YARN Standalone/yarn Cluster

    • Yarn Standalone is the 0.9 and previous version of the name, 1.0 began to change to yarn cluster
    • Yarn-cluster (Yarnclusterscheduler)
    • Driver and am are running, the client alone
    • ./bin/spark-submit--class path.to.your.Class--master yarn--deploy-mode cluster [options] [app options]

YARN Standalone/yarn Cluster

Spark driver preferred to start as a applicationmaster in the yarn cluster, Each job that the client submits to ResourceManager assigns a unique applicationmaster on the worker node of the cluster, which is used by the Applicationmaster to manage the entire life cycle of the application. Because the driver program runs in yarn, there is no need to start spark master/client in advance, and the results of the application can no longer be displayed by the client (viewable in the history server)

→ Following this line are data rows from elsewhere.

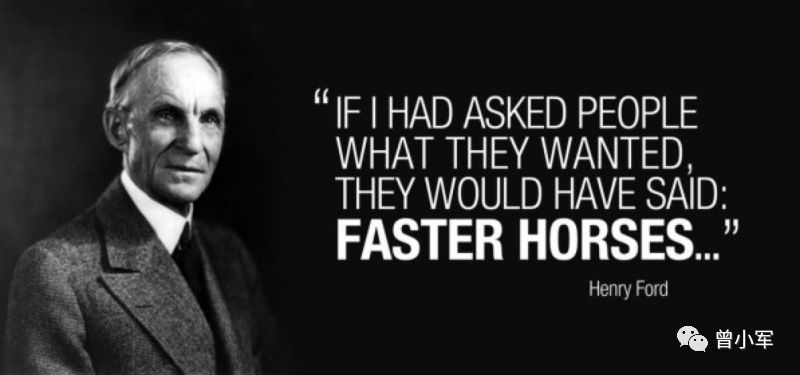 还有另外一个说法来自亨利.福特,他说,“如果我问人们需要什么,他们只会告诉你想要一匹更快的马”。
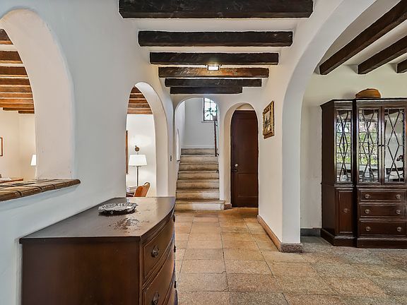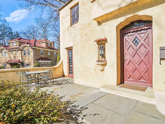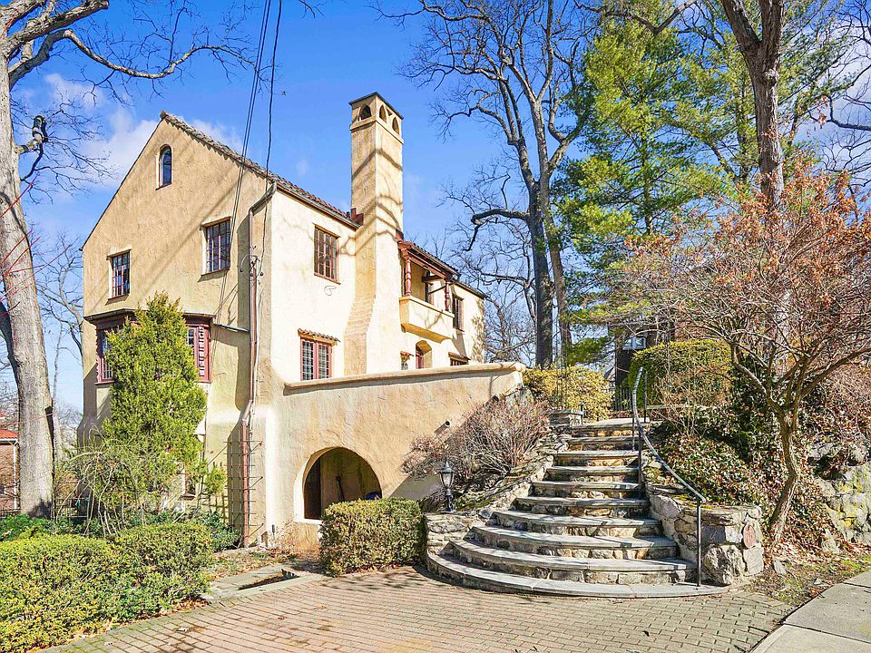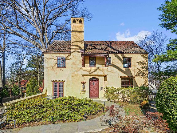 Nestled on a craggy perch with distant views over Pelham, this 1924 architectural masterpiece has been lovingly preserved to retain the style and details envisioned by its famed architect, Guy Mariner. As if transplanted from a Mediterranean hillside, this stucco home with barrel tile roof, picturesque balconies and steel casement and leaded glass windows also includes such original interior details as oak beamed ceilings, faience tiles, wrought iron sconces and supple plaster walls and archways. A generous entry foyer with composite stone floor extends into a spacious dining room and steps down to a sunken living room with high ceilings, wide oak plank floors, corner fireplace, sunny bay window and french doors to a patio overlooking the stunning neighborhood of comparable homes. Second floor master bedroom with balcony and en suite bath, three further bedrooms and hall bath plus third floor with two bedrooms and full bath with shower. A unique lower level with full-size windows and separate at-grade entrances includes a family room with fireplace, laundry room and a bedroom with full bath that makes for a perfect au pair or guest suite. Bottom level basement offers storage garage, passive wine cellar and utility space.With a large backyard, mature native trees and shrubs, and extensive perennial gardens, the home is situated on a quiet cul-de-sac offering a commuters dream location, just a few hundred feet from landscaped steps that lead right to the Pelham train station. More about Pelham at www.PelhamLife.com
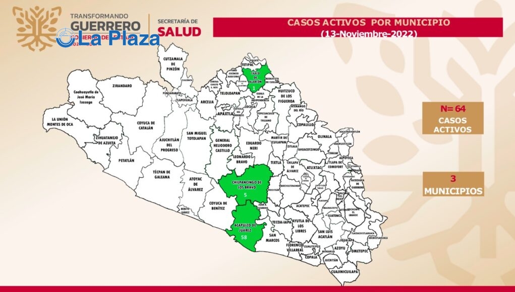 Indicó que el estado acumula 116 mil 102 casos confirmados y 6 mil 849 defunciones; además, ocupa el lugar 15 en casos activos a nivel nacional, distribuidos en tres municipios: Acapulco, con 58 casos; Chilpancingo, 5 y Taxco un solo caso.
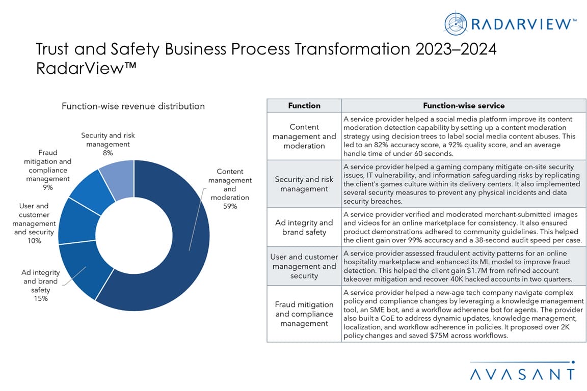 Please refer to Avasant’s Trust and Safety Business Process Transformation 2023–2024 Market Insights™ for detailed insights on the demand-side trends.
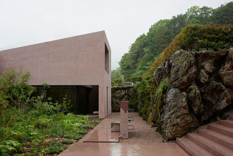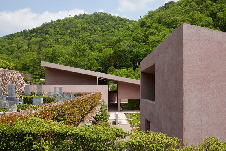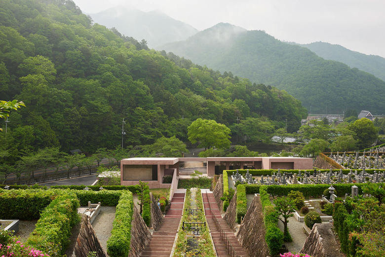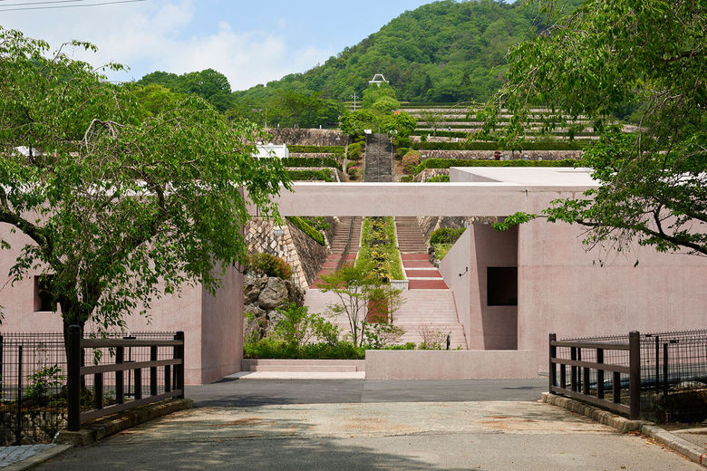 Inagawa Cemetery is located on a steep site in the Hokusetsu Mountain Range of the Hyogo prefecture, approximately 40 kilometres north of Osaka. The cemetery is laid out across terraces and bisected by a monumental flight of steps leading up to a shrine at the highest point – an axis that orients the whole project.

YARN Standalone/yarn Cluster

YARN Client

    • Yarn-client (Yarnclientclusterscheduler)
    • Client and Driver run together (running locally), AM is used only to manage resources
    • ./bin/spark-submit--class path.to.your.Class--master yarn--deploy-mode Client [options] [app options]

YARN Client

In yarn-client mode, driver runs on the client and obtains resources through Applicationmaster to RM. The local driver is responsible for interacting with all executor container and summarizing the final results. Ending the terminal is equivalent to killing the spark application. In general, you need to configure this if the result of the run is only returned to terminal.

How to choose

    • If you need to return data to the client, use yarn client mode
    • Recommended yarn cluster mode for data storage to HDFs

Additional Configuration and considerations

How to change the default configuration

    • Spark_home/conf/spark-defaults.conf, each app will use his or her configuration when it commits.
    • --conf prop=value, specifying personalization parameters for individual apps

Environment variables

    • Spark_home/conf/spark-defaults.conf, each app will use his or her configuration when it commits.
    • Spark.yarn.appMasterEnv. [Environmentvariablename]

Related configuration

Special attention

    • Under cluster mode, Yarn.nodemanager.local-dirs right? Spark executors and spark driver are all working, Spark.local.dir will be ignored
    • In client mode, spark executors uses yarn.nodemanager.local-dirs, and spark driver uses Spark.local.dir
    • --files and–archives support for # mapping to HDFs
    • --jars

The above is the main content of this section Bo master for everyone, this is the master of his own learning process, hope to give you a certain guidance role, useful also hope that we point a support, if you do not use also hope to forgive, there are mistakes please point out. If there is hope to pay attention to bloggers to get updates the first time Oh, thank you! Also welcome reprint, but must be in the post obvious location marked the original address, the right to interpret the owner of all!

Spark on YARN

Contact Us

The content source of this page is from Internet, which doesn't represent Alibaba Cloud's opinion; products and services mentioned on that page don't have any relationship with Alibaba Cloud. If the content of the page makes you feel confusing, please write us an email, we will handle the problem within 5 days after receiving your email.

If you find any instances of plagiarism from the community, please send an email to: info-contact@alibabacloud.com and provide relevant evidence. A staff member will contact you within 5 working days.

A Free Trial That Lets You Build Big!

Start building with 50+ products and up to 12 months usage for Elastic Compute Service

  • Sales Support

    1 on 1 presale consultation

  • After-Sales Support

    24/7 Technical Support 6 Free Tickets per Quarter Faster Response

  • Alibaba Cloud offers highly flexible support services tailored to meet your exact needs.